*Task objective*. Copy the lines from the start of the records below through the line containing "- 美和居始创于1368年,为山西老陈醋", both included, and leave out the pictures.

== Segment start ==

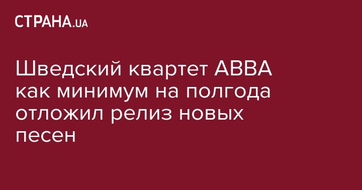 Культовый шведский квартет ABBA отложил премьеру новых песен, которые должны были выйти после 35-летнего перерыва в творчестве музыкантов. Об этом сообщает The Guardian.
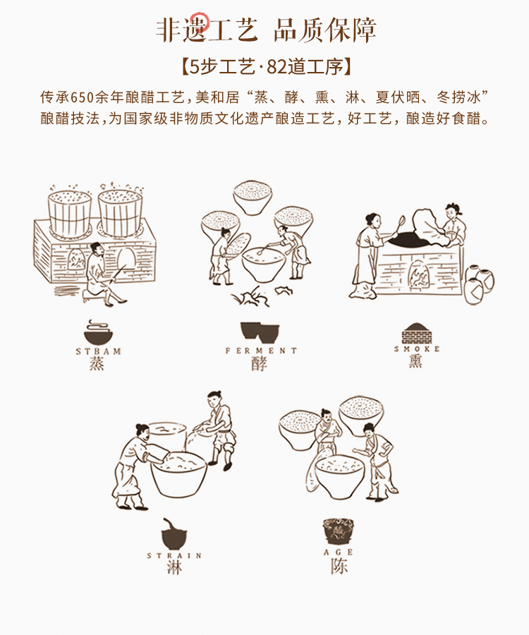 - 美和居始创于1368年,为山西老陈醋开创者,国家级非物质文化遗产酿制技艺,国家地理标志保护产品!
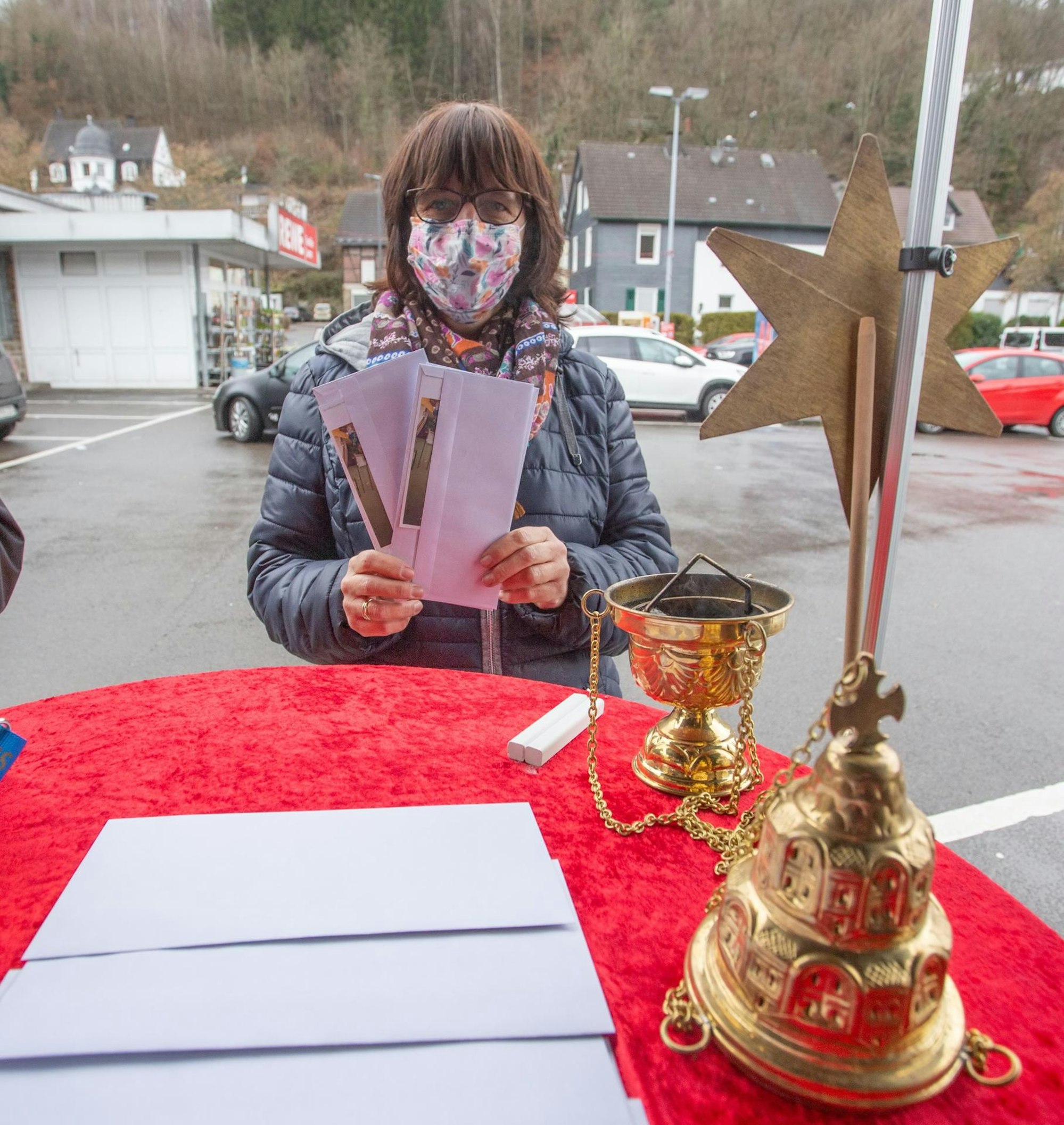 Über den Segen der Sternsinger freut sich unter anderem Carmen Stommel, die sich gegen eine Spende gleich drei Pakete für sich und ihre Kinder abholt.
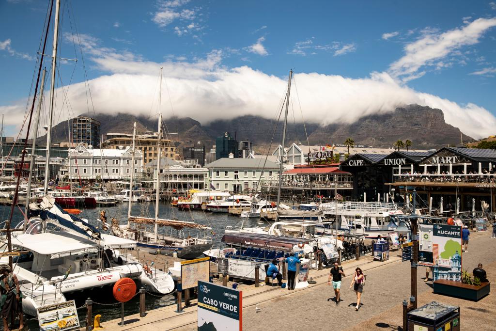 2023年2月16日,人们在南非开普敦的一处海滨码头游览。新华社记者张誉东摄
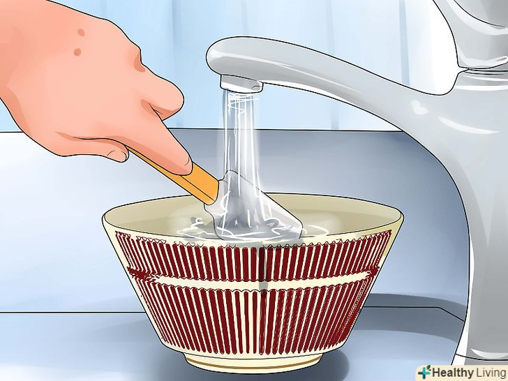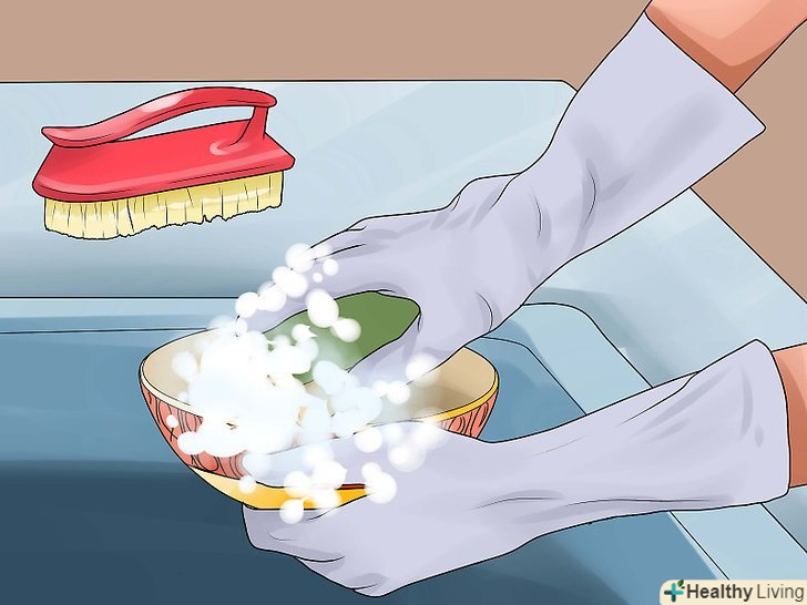 Теплою водою і гумовою лопаткою видаліть з порцеляни частинки їжі. Не залишайте залишки їжі на порцеляні протягом тривалого періоду часу, так як кислота в них здатна роз'їсти глазур на порцеляні. Якщо у вас немає часу помити фарфор відразу, обполосніть його в теплій воді або змийте частинки їжі при першій же можливості.- Не скребіть залишки їжі з порцеляни столовими приборами, так як вони можуть подряпати фарфор або пошкодити його. Замість цього акуратно видаліть частинки їжі теплою водою і гумовою лопаткою. [6]

== Segment end ==

*Reply to the exercise*.
 Культовый шведский квартет ABBA отложил премьеру новых песен, которые должны были выйти после 35-летнего перерыва в творчестве музыкантов. Об этом сообщает The Guardian.
 - 美和居始创于1368年,为山西老陈醋开创者,国家级非物质文化遗产酿制技艺,国家地理标志保护产品!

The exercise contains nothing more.